QoS - Tail Drop

When applying various QoS mechanisms on networks, the term "tail drop" refers to a particular behavior of how newly arriving packets are handled.

  1. Basic Concept: Tail drop occurs in network devices, like routers and switches, when their data buffers become full. These buffers temporarily hold packets before they are forwarded to their next destination.
  2. Behavior: When the buffer is full and new packets arrive, the packets at the "tail" of the queue (the most recently arrived packets) are dropped. This is because there is no space left in the buffer to accommodate them.
  3. Impact on Traffic: Tail drop can lead to TCP synchronization and global synchronization issues. TCP synchronization occurs when multiple TCP flows reduce their transmission rates in response to packet loss, and then increase their rates again in unison, leading to a cyclical pattern of congestion and packet loss.

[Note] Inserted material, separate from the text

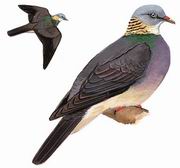 描述:中等体型(35厘米)的灰色鸽。特征为后枕具宽阔的皮黄色而带黑色鳞状斑的颈环。上背呈淡紫色及绿色闪光。头部灰色较上体浅;胸灰,渐变为灰白色的臀;颏白。

  4. In combination with QoS mechanisms: Tail drop if implemented alone is a more passive and less sophisticated method of dealing with congestion. However, the phenomenon may also occur when other QoS techniques are applied like shaping and queuing. Shaping controls the rate of traffic entering the network buffering excess traffic, while various different queuing techniques prioritize traffic to manage congestion more effectively. Tail drop may still occur in these cases if the excess traffic is extensive and available buffers are full.

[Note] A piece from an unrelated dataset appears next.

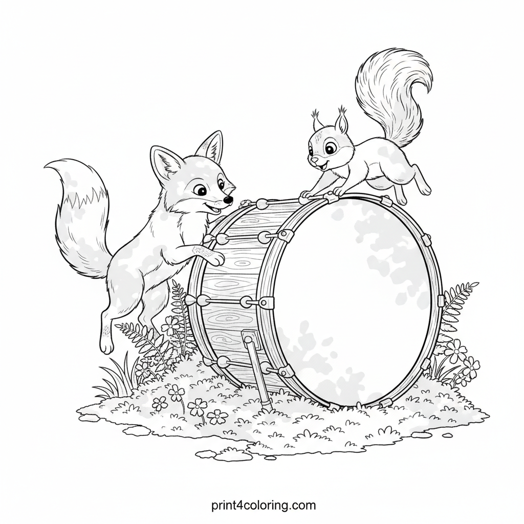 Join a clever fox and a curious squirrel as they uncover a mysterious bass drum deep in an enchanted forest. Sunlight dapples through the leaves, illuminating the mossy ground, ferns, and wildflowers. This detailed scene invites you to bring its magic to life with your colors and imagine the sounds they might make!

  5. Alternatives: To address the limitations of tail drop, more advanced queue management algorithms like Random Early Detection (RED) or Weighted Random Early Detection (WRED) are used. These algorithms proactively manage buffer space and mitigate the issue of TCP synchronization by dropping packets before the buffer becomes completely full, based on certain criteria. Policing is another alternative which eliminates tail drop simply because any excess traffic is not buffered but immediately dropped.

Tail drop is a basic congestion management mechanism that drops the most recent packets when the buffer is full, potentially leading to issues like TCP synchronization in networks. More advanced techniques like RED and WRED are often preferred for better traffic management in scenarios where QoS is a significant concern.